There is another terrific scene between Ameche and Robert Prosky on the beach. They are sitting in the sand with their shoes off, talking about their lives and their regrets, like two lost soulmates. They might as well have been having a conversation about the young actors that were coming up the pipe and how Hollywood was changing. Two vibrant old men in the twilight of their career, clinging to each other. Speaking of illuminating, Mantegna does an equally great job playing a mafioso with a soul. He allows his character to move from edge and anger into a man who feels a sad sympathy for the fate that awaits Gino. The climax scene between Mantegna and Ameche is a heart breaking performance by two powerhouses.

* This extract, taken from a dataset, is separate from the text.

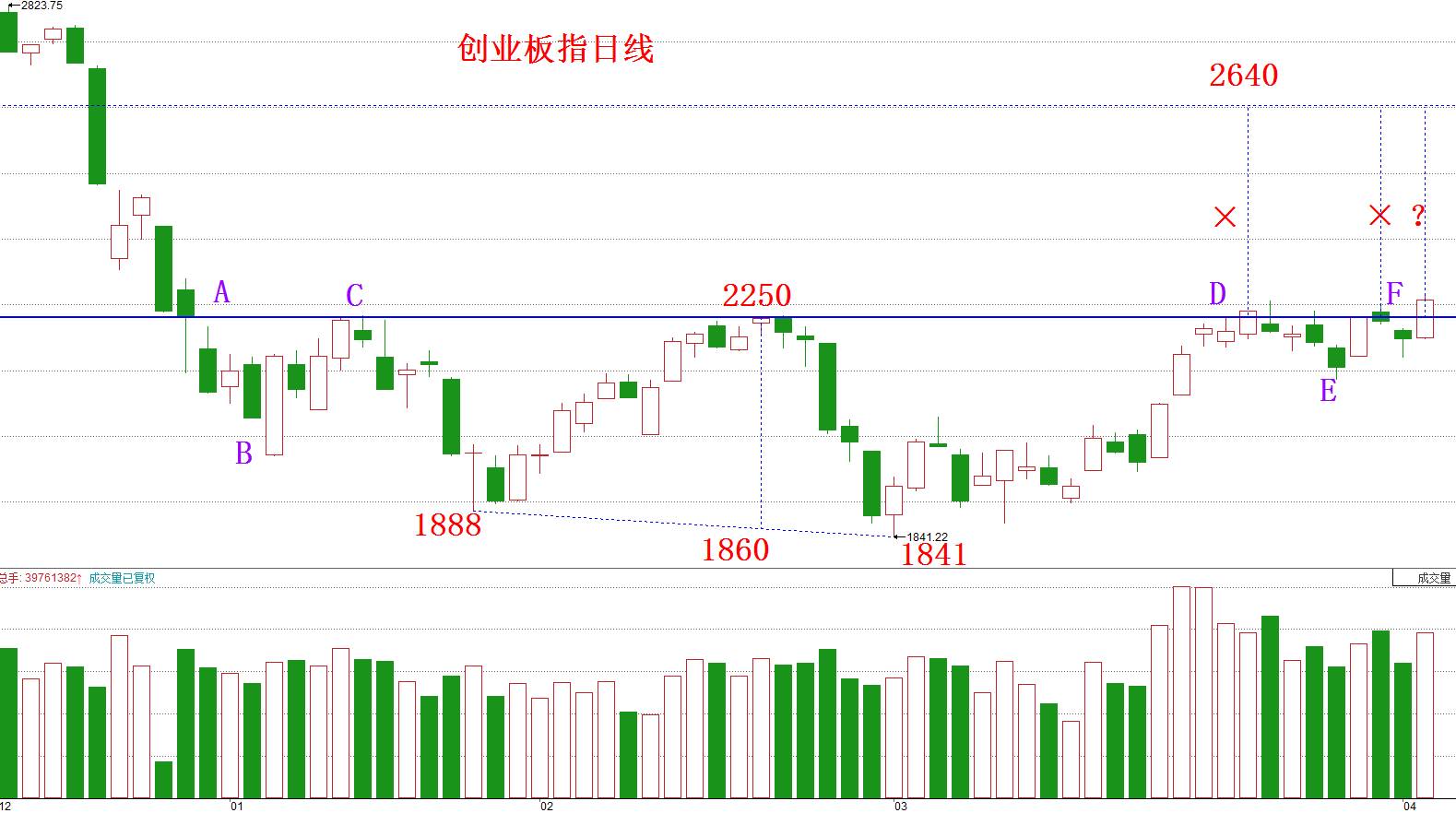 其实,在昨晚的文章中有一句话我忘记写了,那就是我们过去曾经多次提到过的股谚“屡测高点终会过”,也就是说,指数会一而再,再而三地冲击2250点一线的颈线位,那么相信它迟早是会有效突破的。所以昨天虽然下跌,但我对创业板指的中长期并不看坏,我相信它还是会涨回来的。记得创业板指在3月23日第一次突破2250点时,姚尧曾经提到这里有效突破颈线的可能性不大,更有可能是会再走一个类似于底部左边“ABC”的结构。现在来看,上图中的“DEF”基本上就与“ABC”相对应了。然而,姚尧对现在的盘面依然有所忧虑,理由与前述上证指数时类似,那就是指数创出新高,但成交量却未能跟着创出新高。除非接下来成交量能够持续放大,这样我们才能相信是有主力在玩真的。

Mamet fills his fast paced world of organized crime with an amazing ensemble of actor's actors and meaningful language. It is always a pleasure to see JT Walsh, even if he only had two scenes.Come see William H Macy as a blonde jumpy mafia driver and Felicity Huffman as a fortune spinner girl. The talent that Mamet brings to his pictures astounds me. I was also extremely pleased to see the line ' The guy behind the guy,behind the guy, behind the guy" As a Swingers fan I got goose bumps in learning that Jon Favreau referenced Things Change in the Las Vegas casino scene (Vegas!!!).
The problem I had with this film, was the "Mafia speak". It was really distracting to my enjoyment of the film everytime a Mafia member would appear and say things like " I must remind you about that thing of which you did" "I cannot speak in a contraction,you will now pay to me some money, so that I may go to get some lessons on contractions" The last part is made up, but you get the idea. To be fair, in a post Goodfellas and Sopranos world, the table has been reset. The mafia members in this film seem to be stuck in the old rhetoric of mobsters in cartoons. I do find it amusing that Mantegna would turn this type of character into a spoof of "mafia speak" in his work as Fat Tony on the Simpsons.
Despite the speech patterns, I thoroughly enjoyed this movie and would watch it again. Ameche is always one step ahead of the game, and the conclusion will leave you a little saddened and a little relieved. 1988 was also the same year that David Mamet's Tony winning "Speed the Plow" opened on Broadway with Mantegna and Madonna. One wonders if his critique of Hollywood found in that masterful production was based on his experiences in making "Things Change". Perhaps this film serves as a reminder that life in 1988 was getting too fast, and we had forgotten as a nation what it meant to just sit on a beach with our shoes off and breathe.